Que pampa é essa que eu recebo agora?

segunda-feira, 24 de março de 2008

Viajamos no feriado para o interior. A Dengo (é assim que a minha afilhada vai ser chamada aqui nesse humilde blog), ainda não conhecia a nossa família e achamos que era uma boa deixar a pobrezinha logo a par do que é realmente fazer parte de uma família de gringos doidos.

No sábado à tarde fui fazer umas compras no mercado (mamis estava fora de casa há muito tempo e papis, durante esses dias, ia para a casa de um tio diferente a cada dia filar o rango, então, não tinha quase nada em casa).

Na saída do mercado, tomei um susto quando o rapaz que estava carregando as sacolas até o carro me chamou. Era um colega de colégio do meu irmão. Conversamos um pouco e ele me contou sobre como andava a vida dele. Fiquei com aquilo na cabeça e fui embora.

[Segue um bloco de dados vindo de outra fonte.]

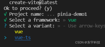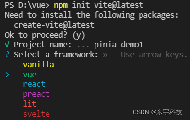 vite可以创建多种程序。这里选择vue,和ts,创建好了,再安装pinia
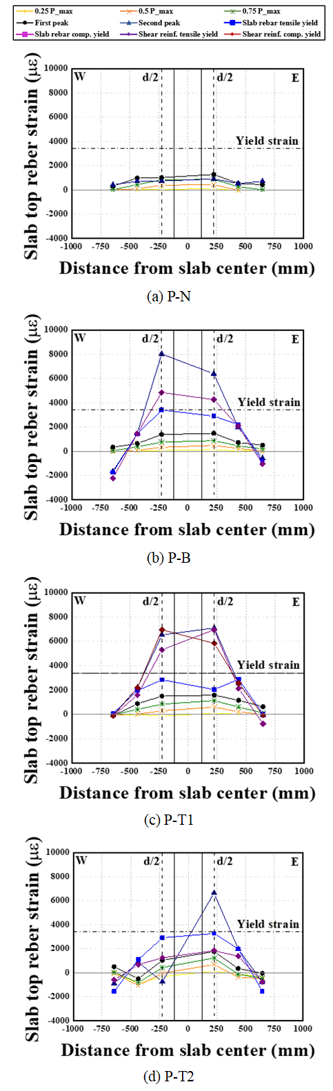 반면, 보강 실험체인 P-B, P-T1 및 P-T2에서는 기둥 외곽 d/2 위치에서 명확한 항복이 확인되었으며, 외측 이동할수록 변형률이 급감하여

Logo em seguida, fui fazer as unhas e outro susto: a manicure que me atendeu foi uma colega minha da oitava série, a Lisandra.

Lembro da Lisandra muito bem. Uma garota esperta, o caderno sempre caprichado, notas altas e super esforçada.

Fui para casa pensando naquilo.

Por mais que eles parecessem relativamente bem, confesso que foi um choque encontra-los. Um empacotador de mercado e uma manicure. Fiquei pensando nesses caminhos tortuosos que a vida nos reserva. Se passou um monte de coisas pela minha cabeça.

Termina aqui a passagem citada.